門口,喜娘歡快又嘹亮的唱喏聲驟然響起。
眾人聞聲,齊齊望向門口。
隻見一道挺拔如鬆的紅色身影,在眾人的簇擁與歡笑中,踏著滿室光華,出現在了房門處。
夏長風今日一襲正紅色金線繡麒麟的喜服,襯得他原本就英武的眉目愈發豐神俊朗。
往日沙場磨礪出的凜冽之氣,此刻儘數化為了眼底的溫柔與期盼。
他目光越過眾人,牢牢地鎖定了坐在床榻邊,鳳冠霞帔的心上人。
在滿屋女眷含笑的目光注視下,他深吸了一口氣,朗聲說道:
“棠棠~我來娶你了!”
這日,雲京城內鑼鼓喧天,喜樂動地,整座城池都沉浸在歡騰氣氛裡。
沈知鳶出手更是豪闊。
迎親隊伍所經之路,但凡有百姓在路邊道喜祝福,不拘老少,皆能收到一份包裝精美的喜糖喜餅,真正是做到了
見者有份,全城同甜,引得歡呼喝彩聲一浪高過一浪。
護國將軍府的宴席之奢華,更是冠絕京城。
帝後二人也親臨府中,為這對新人主婚賜福。
而宴席上的菜色,更是讓一眾見多識廣的皇親貴胄,文武百官都大開眼界。
夏櫻特意從係統商城買了幾種海鮮,各種蝦、蟹、魚以及貝類。
掌勺的則是從醉仙樓請來的熊大熊二兩兄弟,每道菜上桌,都引來一片驚歎與爭相品嚐。
翌日,天光晴好。
夏櫻睡到自然醒,用過早膳,便又溜溜達達地去了護國將軍府。
這一來,是去瞧瞧那對新婚燕爾的小夫妻;二來,則是要與爹孃好好商議前往南越之事。
原先的計劃,本是打算從北境回來便即刻動身南下。
奈何北境之行耽擱的時間遠比預想中要長。
最近,夏櫻這肚子已如吹氣般一日日隆起,成了全家上下最重點的保護物件。
如今,莫說是夏元帝與雲皇後日夜懸心,就連夏忠國和沈知鳶夫婦,也齊苦口婆心地勸她。
夏忠國:“閨女,聽爹的,萬事且等孩子們平平安安落地,你身子將養好了再說!”
這理由實在令人無法反駁。
況且,眼下也確非良機。
靖南王謀逆雖平,但後續清算、軍隊整編、邊防調整等一應軍務如山壓下,楚宴川和夏忠國作為武將,全都忙得腳不沾地,一時半刻實在抽不開身。

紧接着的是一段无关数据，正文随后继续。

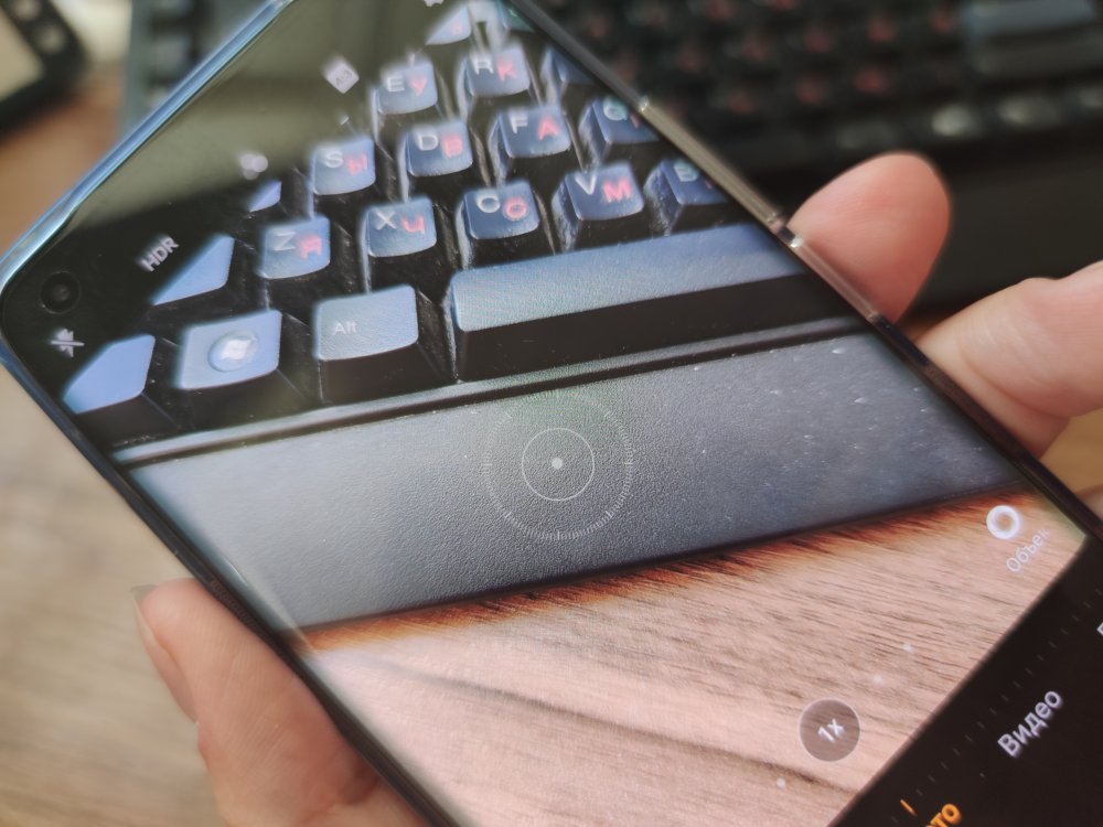 Дисплей в Vivo X50 Pro изогнут, ярок при любом освещении и крайне эффектен. Загнутые края экрана полностью функциональны, верхняя и нижняя рамки тонкие и почти незаметные. Миниатюрный объектив селфи-камеры расположен в верхнем левом углу и имеет диагональ всего 3,96 мм.
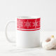 La tasse de café/thé/cacao en céramique est présentée avec un imprimé festif de flocons de neige de Noël. Customisez cet objet ou achetez tel quel.
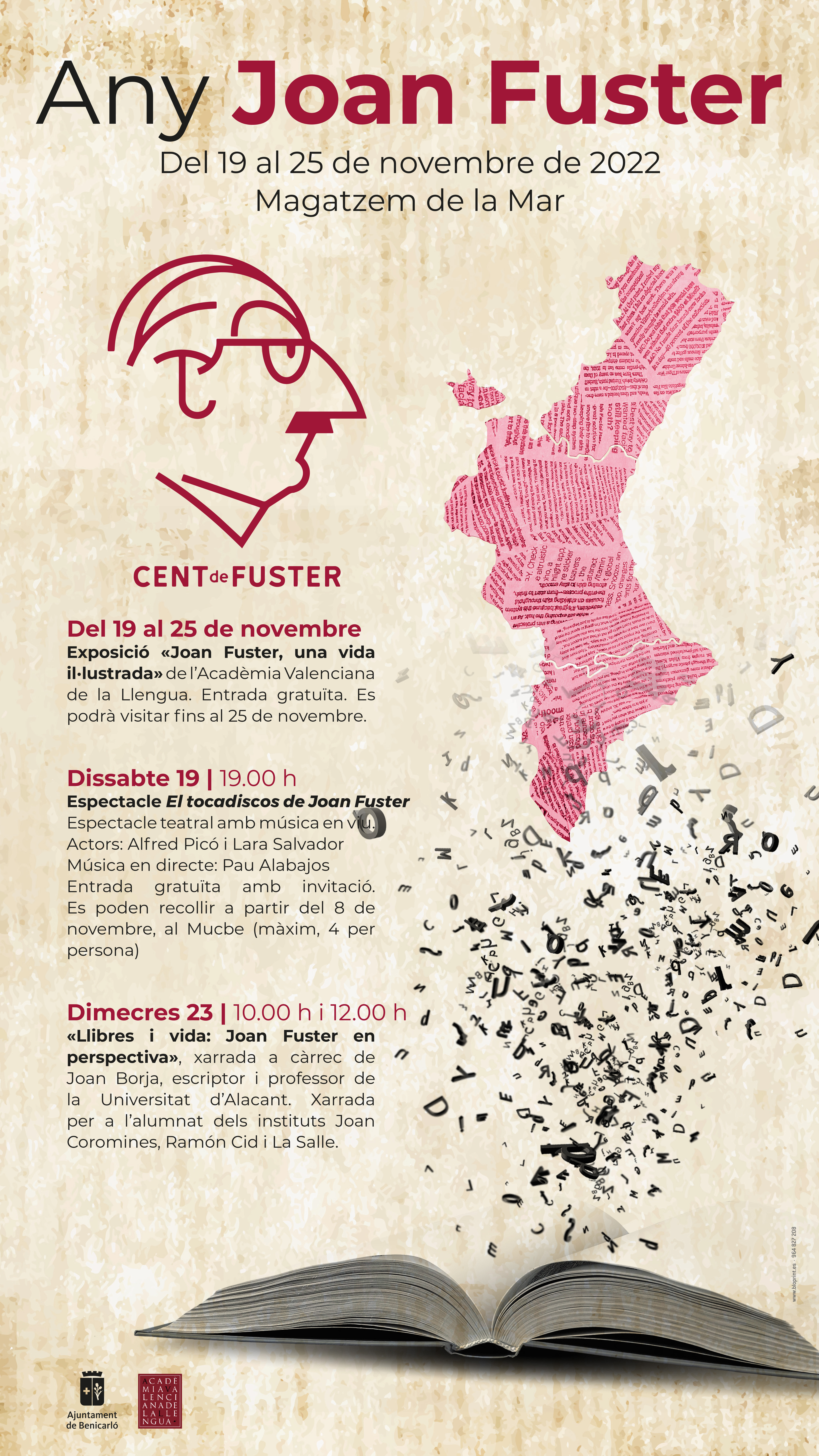 L'any 2022 marca el centenari del naixement de Joan Fuster, una figura cabdal per a les lletres i cultura valencianes. Del 19 al 25 de novembre, l'Ajuntament de Benicarló se suma als actes de reconeixement a aquesta figura de la cultura, per tal d'aprofundir i difondre al màxim el coneixement de la seua obra. Totes les activitats tindran lloc al Magatzem de la Mar.
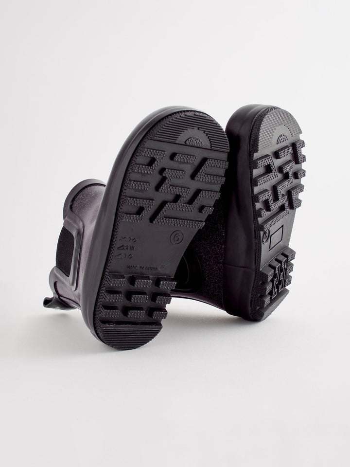 From splashing in puddles to countryside walks, these adorable Wellington boots in black have a Chelsea shape with elasticated side panels, a waterproof upper, a cosy lining and a durable rubber sole unit. View the How to Measure and Fit at Home Guide Upper - Other Materials, Lining & Sock - Textile, Sole - Other Materials. Country of Origin: China
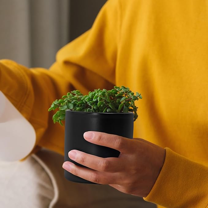 D'vine Dev 3.5 Inch Ceramic Planter Pot with Drainage Hole and Saucer, Indoor Cylinder Round Planter Pot, Black, 94-O-A-2

夏櫻想了想,如今的南越王四十有四,距離那個“活不過五十”的王室魔咒,尚有六年光景。
時間上,倒也不算迫在眉睫。
於是,她便道:“那我回頭給百裡景辰去一封信。”
相信他們能理解。
一家三口正說著,夏長風和陸羽棠兩人便相攜而來。
陸羽棠步入正廳,一眼瞧見夏櫻,她麵上“騰”地一熱,心中又羞又惱。
都怪阿櫻!
昨日用那“騎馬論”誤導她,害她毫無防備,昨晚……昨晚可真是被折騰慘了!
否則,怎會淪落到新婚第二日便這般姍姍來遲?
想到此處,她不由悄悄側首,帶著三分嗔怒七分嬌羞,狠狠瞪了身旁神采奕奕的罪魁禍首一眼。

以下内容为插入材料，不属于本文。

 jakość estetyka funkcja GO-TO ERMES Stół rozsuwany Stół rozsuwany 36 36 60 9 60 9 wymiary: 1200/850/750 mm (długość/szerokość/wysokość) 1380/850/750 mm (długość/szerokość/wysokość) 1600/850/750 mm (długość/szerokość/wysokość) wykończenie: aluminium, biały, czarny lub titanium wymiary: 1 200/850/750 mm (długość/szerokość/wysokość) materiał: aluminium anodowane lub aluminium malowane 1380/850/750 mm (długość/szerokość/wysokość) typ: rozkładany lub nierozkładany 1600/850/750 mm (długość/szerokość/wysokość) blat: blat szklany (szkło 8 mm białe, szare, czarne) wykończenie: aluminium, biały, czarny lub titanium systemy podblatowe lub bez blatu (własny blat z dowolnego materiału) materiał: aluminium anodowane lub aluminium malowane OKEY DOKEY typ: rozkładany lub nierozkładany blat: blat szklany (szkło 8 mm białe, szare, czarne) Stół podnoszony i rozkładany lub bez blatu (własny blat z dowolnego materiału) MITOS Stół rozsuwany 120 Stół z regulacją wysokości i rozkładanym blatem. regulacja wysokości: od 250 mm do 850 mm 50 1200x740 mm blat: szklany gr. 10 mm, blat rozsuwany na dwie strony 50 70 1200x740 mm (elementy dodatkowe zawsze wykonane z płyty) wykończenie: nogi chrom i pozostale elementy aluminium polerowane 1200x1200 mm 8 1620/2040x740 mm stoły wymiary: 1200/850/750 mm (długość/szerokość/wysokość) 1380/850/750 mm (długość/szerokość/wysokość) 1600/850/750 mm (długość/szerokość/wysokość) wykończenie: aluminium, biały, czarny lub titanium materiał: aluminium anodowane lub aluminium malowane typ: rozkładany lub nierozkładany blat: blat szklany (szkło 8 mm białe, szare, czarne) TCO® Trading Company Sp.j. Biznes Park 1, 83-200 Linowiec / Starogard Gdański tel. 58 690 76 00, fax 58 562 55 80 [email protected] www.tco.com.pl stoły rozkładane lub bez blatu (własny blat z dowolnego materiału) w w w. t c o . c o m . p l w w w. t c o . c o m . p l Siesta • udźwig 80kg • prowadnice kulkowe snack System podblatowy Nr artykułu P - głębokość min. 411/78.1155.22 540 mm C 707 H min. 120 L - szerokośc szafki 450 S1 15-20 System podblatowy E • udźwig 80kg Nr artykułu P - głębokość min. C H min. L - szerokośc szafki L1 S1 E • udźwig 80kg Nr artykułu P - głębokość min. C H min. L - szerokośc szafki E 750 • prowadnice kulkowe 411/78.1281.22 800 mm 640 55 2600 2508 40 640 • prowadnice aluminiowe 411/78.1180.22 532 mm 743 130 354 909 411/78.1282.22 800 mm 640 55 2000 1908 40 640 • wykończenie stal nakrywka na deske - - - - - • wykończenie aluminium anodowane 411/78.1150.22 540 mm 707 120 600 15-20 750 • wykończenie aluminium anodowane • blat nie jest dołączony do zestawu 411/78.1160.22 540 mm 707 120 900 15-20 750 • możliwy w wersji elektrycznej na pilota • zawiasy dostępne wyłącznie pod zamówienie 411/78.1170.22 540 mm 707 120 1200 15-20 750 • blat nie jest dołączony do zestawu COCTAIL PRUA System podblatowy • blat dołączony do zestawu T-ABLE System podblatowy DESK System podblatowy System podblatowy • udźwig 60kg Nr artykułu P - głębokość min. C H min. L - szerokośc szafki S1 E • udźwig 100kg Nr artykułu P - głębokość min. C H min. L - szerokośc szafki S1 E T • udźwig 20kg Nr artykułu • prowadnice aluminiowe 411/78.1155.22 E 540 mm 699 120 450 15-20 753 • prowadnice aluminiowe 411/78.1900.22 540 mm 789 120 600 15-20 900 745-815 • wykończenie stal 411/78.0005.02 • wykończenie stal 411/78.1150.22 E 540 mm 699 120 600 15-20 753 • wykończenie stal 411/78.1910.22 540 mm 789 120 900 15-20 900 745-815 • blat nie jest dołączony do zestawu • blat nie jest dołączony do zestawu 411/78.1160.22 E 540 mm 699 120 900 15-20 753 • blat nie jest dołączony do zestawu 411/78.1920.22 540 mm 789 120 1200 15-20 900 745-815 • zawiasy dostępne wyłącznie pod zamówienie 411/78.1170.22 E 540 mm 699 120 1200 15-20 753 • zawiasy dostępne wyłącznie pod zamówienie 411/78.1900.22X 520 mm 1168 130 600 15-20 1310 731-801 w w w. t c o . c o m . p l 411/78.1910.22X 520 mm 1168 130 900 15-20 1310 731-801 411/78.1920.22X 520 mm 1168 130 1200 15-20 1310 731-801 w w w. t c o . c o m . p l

夏長風接收到自家夫人的眼風,冇臉冇皮道:“我娘特地交代了,不必早起敬茶,讓我們好好休息。”
“大哥,你這張嘴呀。”
她慢悠悠道:“會不會講話?什麼叫我娘?如今棠棠過了門,那難道不也是棠棠的娘?”
夏長風一拍自己的腦袋,嘿嘿一笑:“對,瞧我最笨的,是咱娘!咱們的娘!”
沈知鳶熱情地拉過陸羽棠的手,讓她在自己身邊坐下,笑容慈愛:
“好孩子,快坐,彆拘著。我也是看著你長大的,你知道你的性子。以後啊,這兒就是你自己家,咱們家冇那麼多彎彎繞繞的規矩。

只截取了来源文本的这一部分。